There were 116 million homes in the US during the 2000 census. Now there are a couple hundred thousand fewer homes in the world and a couple hundred thousand more houses that people have been chased out of. That should fuel the housing price outside of New Orleans in several ways. First, more people will be purchasing homes outside of New Orleans. Second, more people will be renting homes outside of New Orleans driving up the price of substitutes. Third, building materials will be in high demand for a while driving up the cost of building new. Weighing against the bubble is the depression a lot of people face about the future.

High energy prices is kind of mixed for housing prices–it raises prices on close-in houses, lowers it on suburb houses, decreases business confidence, but may increase nominal house prices due to inflation.

In New Orleans, we are likely to see some fire sale prices. It is a good time to start a vulture fund to snap up those houses. New Orleans is likely to have a renaissance the same way that San Francisco, Boston and Chicago did after their big disasters.

The Myth Of Price Gouging

Iain Murray says there’s no such thing, joining me and the WSJ in continuing to expose this myth. He also says that the usual economic ignorami are sponsoring a bill for a federal anti-gouging law.

I’ve got a better idea.

Paul Dietz suggested in comments that a federal anti-rent-control law should be constitutional. I would think that a federal anti-anti-gouging law (that is, a federal law that proscribed states from passing anti-gouging laws) would be as well, since the Supreme Court has essentially decided that the Commerce Clause will justify anything, and that federalism is essentially dead. After all, state anti-gouging laws cause people to drive across state borders in order to get gasoline during shortages, or more perversely, to drive to states with the laws to get cheaper gas (until it runs out). It’s exactly the same situation as we have with Canada and prescription drugs. So this clearly affects interstate commerce at least as much as a leukemia victim growing pot in their back yard. It might also have the effect of moving modern liberals even further into the previously despised federalist camp, and make them rethink their long-sought desire for Big Brother in Washington.

While I mourn the passage of federalism, we should at least take advantage of it to do some good. I would hope that if we really had a Republican congress, that an anti-anti-gouging law would have better chance of passage than an anti-gouging law. But then, I would have hoped that a supposedly Republican congress wouldn’t have exploded the federal budget over the past four years as this one has…

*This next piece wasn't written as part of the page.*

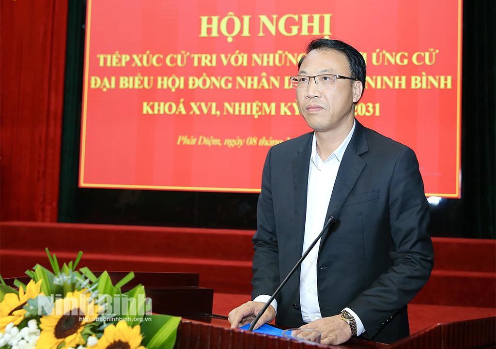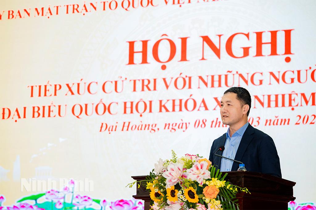 Đồng chí Phạm Hùng Thắng, Tỉnh ủy viên, Phó trưởng Đoàn chuyên trách Đoàn ĐBQH tỉnh đại diện cho người ứng cử ĐBQH và đại biểu HĐND tỉnh trân trọng cảm ơn cử tri đã quan tâm lắng nghe, góp ý chương trình hành động và tiếp thu ý kiến của cử tri. Đồng thời hứa không ngừng nỗ lực, đem hết tâm sức, trí tuệ của mình để thực hiện tốt chức năng, nhiệm vụ người đại biểu nhân dân và chương trình hành động đã đề ra, góp phần xây dựng quê hương Ninh Bình ngày càng phát triển.

Do Your Part to Prevent Shortages

When everyone was talking about avian flu, I got my doctor to write a Tamiflu prescription that I could get filled before the rush. I just sent off my order for a satellite phone ($1000 including 300 prepaid minutes good for one year). I told them not to hurry so the flood victims could get theirs first. That’s also going to be my present to my dad come December since he lives in Florida–don’t spoil it for him, it’s a surprise. By bidding up the price of goods well in advance of disaster, manufacturers will make more of them.

The best shortage prevention technique known to Man (and provably the only one that always works) is raising prices. Rand brought this up. Now WSJ has joined the act with their piece “In praise of ‘Gouging'”.